Description of the task
Lines before the one containing "ANRABESS Women Long" are not wanted; restate the rest below word for word, through the last line, but drop any pictures.

Collected data
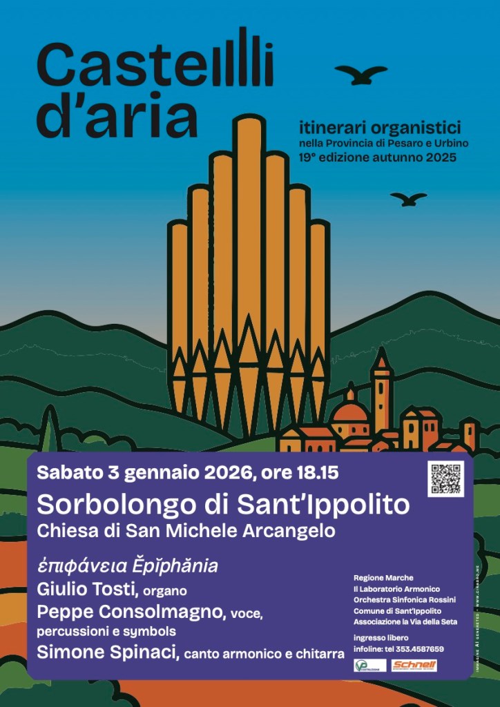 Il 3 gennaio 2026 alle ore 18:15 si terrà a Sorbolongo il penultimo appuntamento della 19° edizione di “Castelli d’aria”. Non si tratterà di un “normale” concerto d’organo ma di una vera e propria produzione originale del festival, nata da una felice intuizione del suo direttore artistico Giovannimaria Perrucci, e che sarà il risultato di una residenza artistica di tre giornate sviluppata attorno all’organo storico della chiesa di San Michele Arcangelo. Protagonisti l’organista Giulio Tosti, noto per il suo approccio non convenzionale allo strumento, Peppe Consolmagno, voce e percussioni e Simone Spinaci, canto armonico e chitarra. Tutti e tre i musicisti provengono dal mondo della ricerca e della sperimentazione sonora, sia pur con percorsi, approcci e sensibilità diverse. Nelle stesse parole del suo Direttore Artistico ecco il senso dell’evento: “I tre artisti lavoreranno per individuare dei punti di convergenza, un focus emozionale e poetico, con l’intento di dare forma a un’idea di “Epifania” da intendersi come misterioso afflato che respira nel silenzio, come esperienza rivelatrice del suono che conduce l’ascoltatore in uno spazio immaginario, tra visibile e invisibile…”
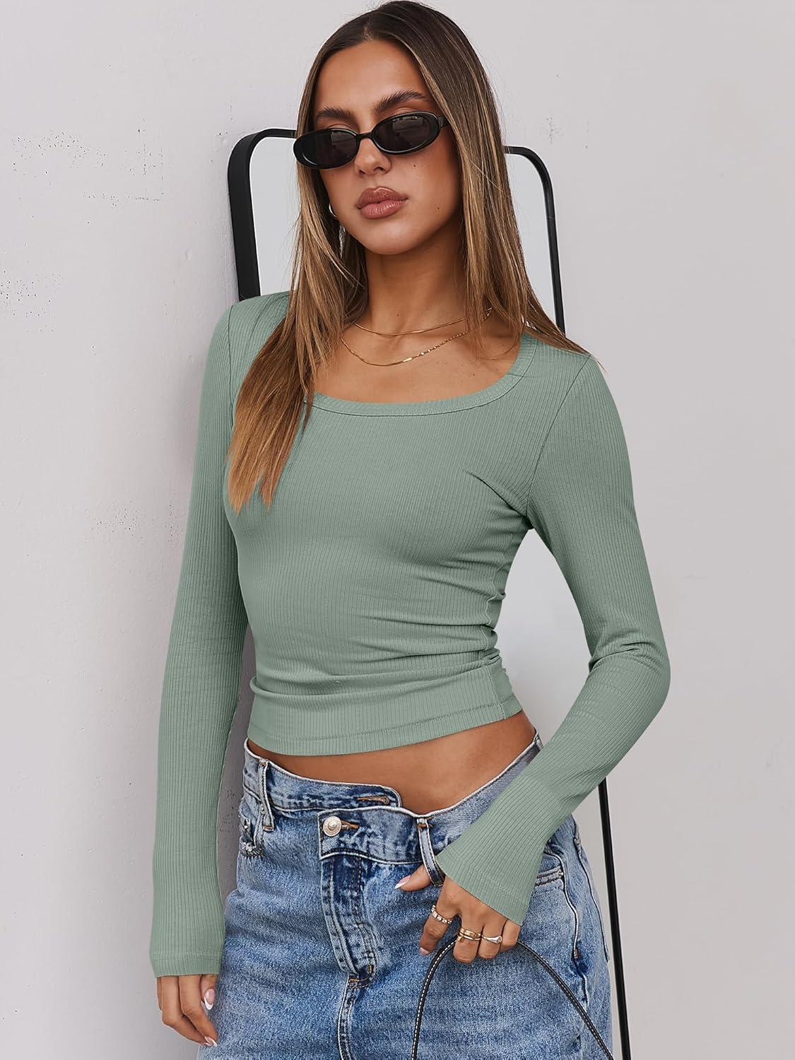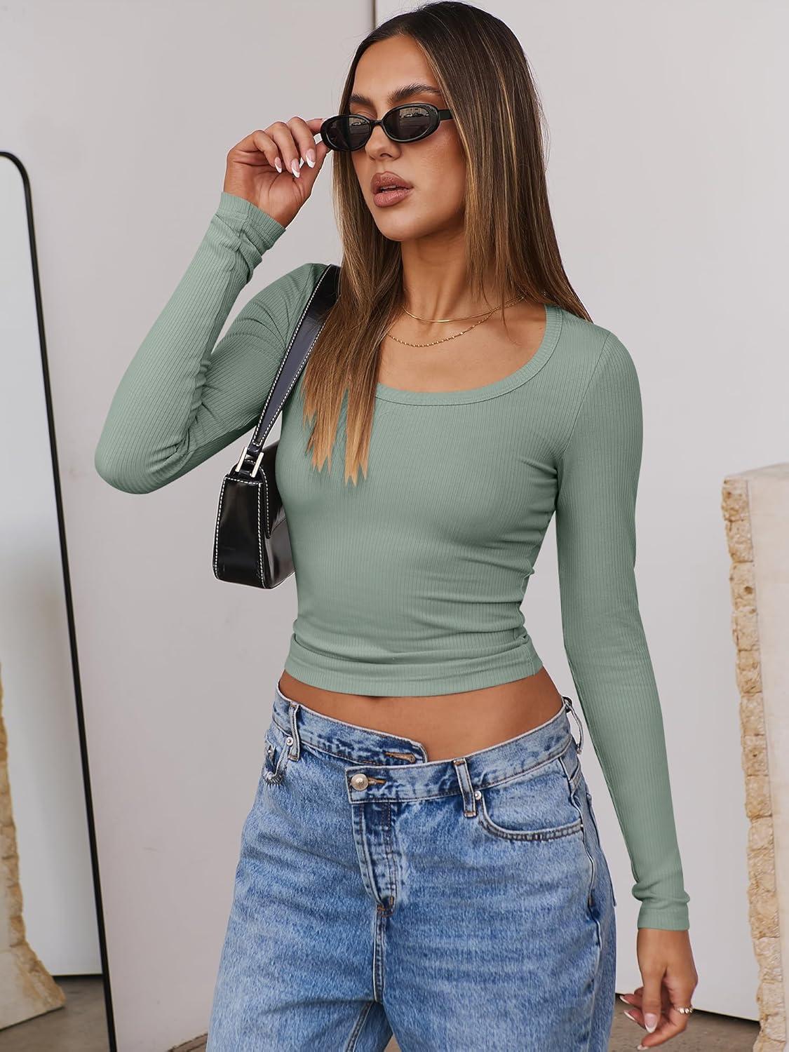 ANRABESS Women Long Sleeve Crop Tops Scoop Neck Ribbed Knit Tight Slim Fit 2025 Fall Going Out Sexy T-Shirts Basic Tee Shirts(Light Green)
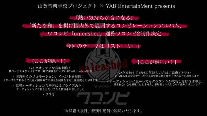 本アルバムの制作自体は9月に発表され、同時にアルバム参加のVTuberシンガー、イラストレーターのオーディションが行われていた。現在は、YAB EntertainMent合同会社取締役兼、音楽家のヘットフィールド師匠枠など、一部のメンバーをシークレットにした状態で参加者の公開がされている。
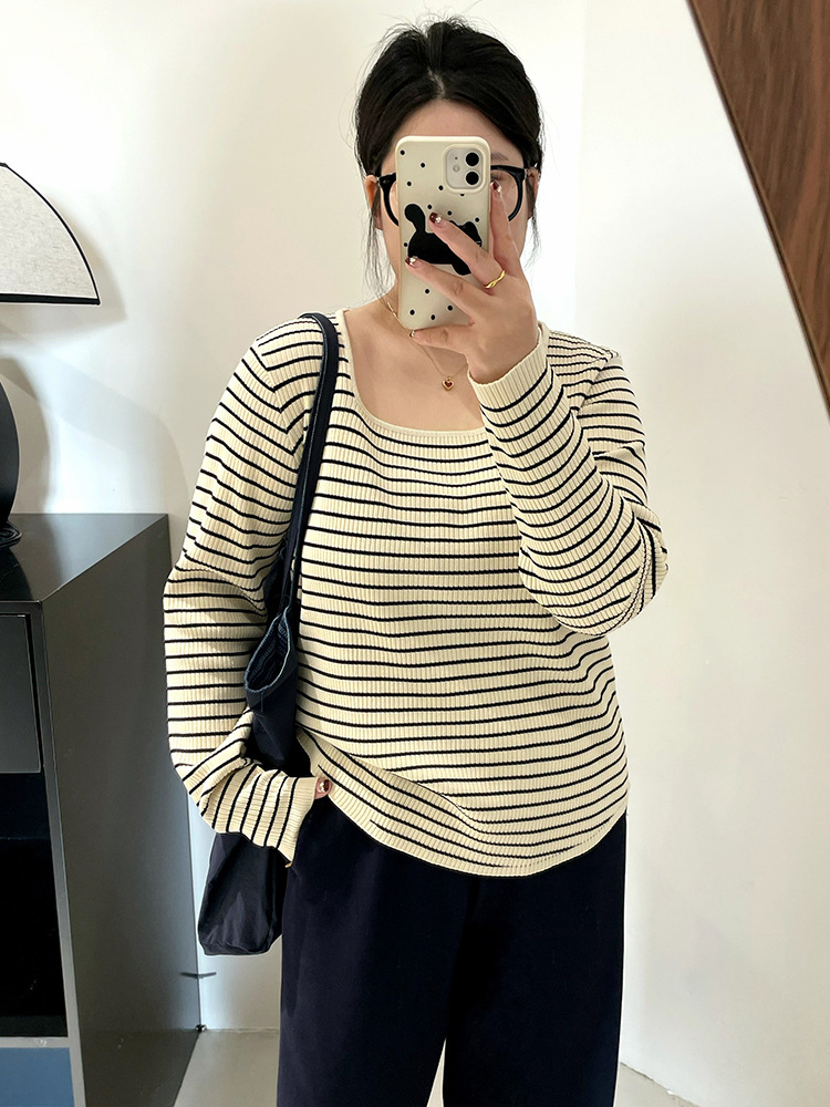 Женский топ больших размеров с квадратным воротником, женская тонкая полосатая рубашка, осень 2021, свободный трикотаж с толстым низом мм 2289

Reply
 ANRABESS Women Long Sleeve Crop Tops Scoop Neck Ribbed Knit Tight Slim Fit 2025 Fall Going Out Sexy T-Shirts Basic Tee Shirts(Light Green)
 本アルバムの制作自体は9月に発表され、同時にアルバム参加のVTuberシンガー、イラストレーターのオーディションが行われていた。現在は、YAB EntertainMent合同会社取締役兼、音楽家のヘットフィールド師匠枠など、一部のメンバーをシークレットにした状態で参加者の公開がされている。
 Женский топ больших размеров с квадратным воротником, женская тонкая полосатая рубашка, осень 2021, свободный трикотаж с толстым низом мм 2289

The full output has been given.